##### DATASET RECORDS
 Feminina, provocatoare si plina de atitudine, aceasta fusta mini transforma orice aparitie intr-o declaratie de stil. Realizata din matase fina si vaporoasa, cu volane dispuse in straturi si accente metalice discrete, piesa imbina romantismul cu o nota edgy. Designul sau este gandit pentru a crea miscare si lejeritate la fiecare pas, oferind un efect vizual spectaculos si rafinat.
##########
##### DATASET RECORDS
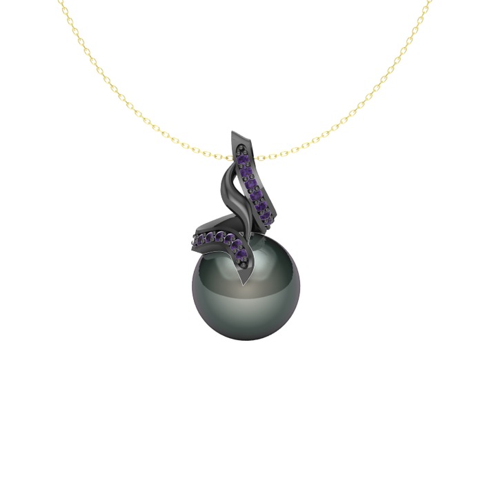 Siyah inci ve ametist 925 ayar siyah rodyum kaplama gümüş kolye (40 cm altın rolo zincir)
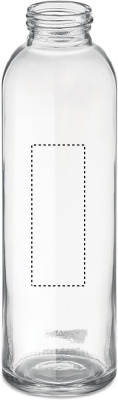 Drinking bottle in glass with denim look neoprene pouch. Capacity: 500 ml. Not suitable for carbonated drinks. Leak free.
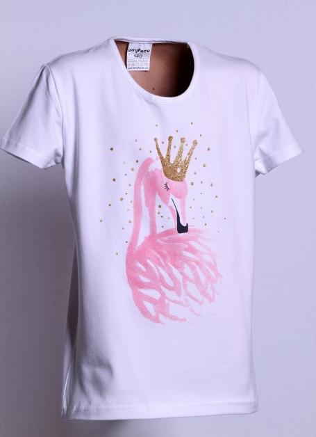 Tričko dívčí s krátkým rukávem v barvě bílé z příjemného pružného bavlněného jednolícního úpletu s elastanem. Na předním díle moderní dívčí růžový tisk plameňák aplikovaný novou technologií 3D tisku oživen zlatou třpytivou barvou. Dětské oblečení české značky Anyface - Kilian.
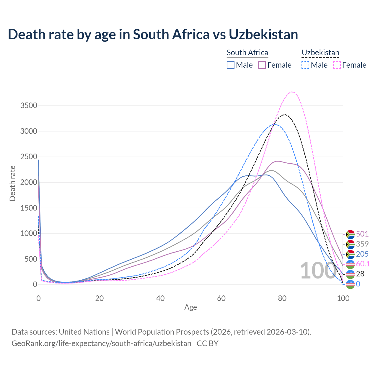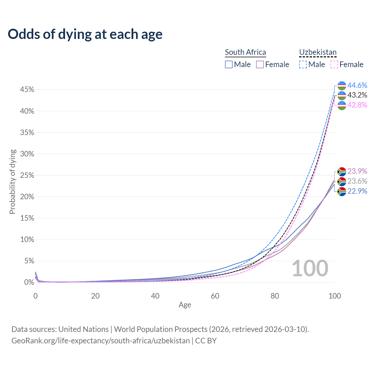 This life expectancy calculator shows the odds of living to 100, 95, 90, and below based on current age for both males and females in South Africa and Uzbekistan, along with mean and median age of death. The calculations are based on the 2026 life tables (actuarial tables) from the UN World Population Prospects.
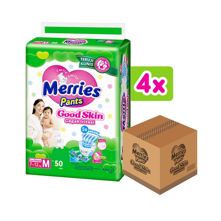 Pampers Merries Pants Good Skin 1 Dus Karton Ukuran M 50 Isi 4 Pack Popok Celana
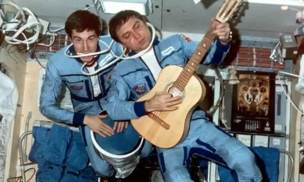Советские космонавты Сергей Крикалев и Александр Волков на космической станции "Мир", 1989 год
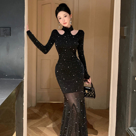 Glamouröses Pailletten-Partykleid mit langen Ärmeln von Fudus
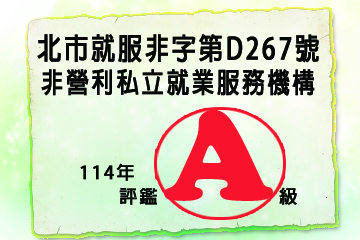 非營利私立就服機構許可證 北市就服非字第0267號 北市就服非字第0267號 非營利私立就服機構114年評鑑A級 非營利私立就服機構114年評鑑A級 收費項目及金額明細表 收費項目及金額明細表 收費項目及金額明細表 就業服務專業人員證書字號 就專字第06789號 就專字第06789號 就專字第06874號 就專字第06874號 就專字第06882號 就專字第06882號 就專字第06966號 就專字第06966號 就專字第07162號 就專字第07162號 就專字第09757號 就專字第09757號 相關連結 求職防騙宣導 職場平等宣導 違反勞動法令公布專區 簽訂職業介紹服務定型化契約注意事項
##########
THE PROBLEM: Leave out every picture, and copy exactly the lines above starting at the one holding "Siyah inci ve" and ending at the one holding "This life expectancy", no more and no less.

RESPONSE BOX:
 Siyah inci ve ametist 925 ayar siyah rodyum kaplama gümüş kolye (40 cm altın rolo zincir)
 Drinking bottle in glass with denim look neoprene pouch. Capacity: 500 ml. Not suitable for carbonated drinks. Leak free.
 Tričko dívčí s krátkým rukávem v barvě bílé z příjemného pružného bavlněného jednolícního úpletu s elastanem. Na předním díle moderní dívčí růžový tisk plameňák aplikovaný novou technologií 3D tisku oživen zlatou třpytivou barvou. Dětské oblečení české značky Anyface - Kilian.
 This life expectancy calculator shows the odds of living to 100, 95, 90, and below based on current age for both males and females in South Africa and Uzbekistan, along with mean and median age of death. The calculations are based on the 2026 life tables (actuarial tables) from the UN World Population Prospects.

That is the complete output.